Are Indiana businesses required to have accessible websites?

Yes. Federal ADA Title III applies to all places of public accommodation in Indiana, which includes their websites. Any Indiana business that serves the public — retail, restaurants, healthcare practices, hotels, entertainment venues — must have an accessible website under federal law. Indiana does not have a strong separate state accessibility law with damages, but federal ADA exposure alone is significant.

Can a New York or California law firm sue my Indiana business for ADA website violations?

Yes. Federal ADA Title III lawsuits can be filed in any federal district where the plaintiff visited your site and encountered barriers. Plaintiff attorneys based in New York and California regularly file ADA web cases in Indiana federal courts against Indiana businesses. You don't need a local attorney, and neither does the plaintiff.

Does Indiana have a right-to-cure law for ADA website lawsuits?

No. Indiana does not have a state-level right-to-cure or pre-suit notice requirement for ADA website accessibility claims. Federal ADA Title III also has no required notice period before filing. Some plaintiff attorneys send demand letters first, but they are not legally required to. You can receive a federal summons with no prior warning.

How much does it cost to fix ADA website violations for an Indiana small business?

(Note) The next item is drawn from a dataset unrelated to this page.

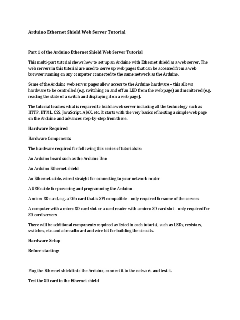Arduino Ethernet Shield Web Server Tutorial | PDF | Ajax (Programming ...

For most Indiana small businesses, fixing the most common WCAG violations (missing alt text, form labels, keyboard navigation, color contrast) costs $500–$3,000 in developer time for a typical 20–50 page site. Ongoing monitoring with a tool like RatedWithAI Pro costs $29/month. This is substantially less than even the lowest ADA lawsuit settlement ($10,000–$20,000 plus your own attorney fees).

Is a website accessibility overlay enough to avoid ADA lawsuits in Indiana?

No. Accessibility overlays (such as accessiBe or UserWay) do not reliably prevent ADA lawsuits. Federal courts have consistently ruled that overlays do not constitute good-faith compliance, and data shows that over 22% of ADA website lawsuits in 2025 targeted sites with overlay widgets installed. The FTC fined accessiBe $1 million in January 2025 for deceptive compliance claims. Fixing your actual source code is the only reliable protection.

What WCAG standard applies to Indiana websites?

The DOJ has stated that WCAG 2.1 Level AA is the appropriate accessibility standard for ADA Title III compliance. Courts in Indiana and across the country have used WCAG 2.1 AA as the benchmark in ADA web accessibility cases. The newer WCAG 2.2 (published October 2023) adds additional criteria but compliance with 2.1 AA is the current legal standard.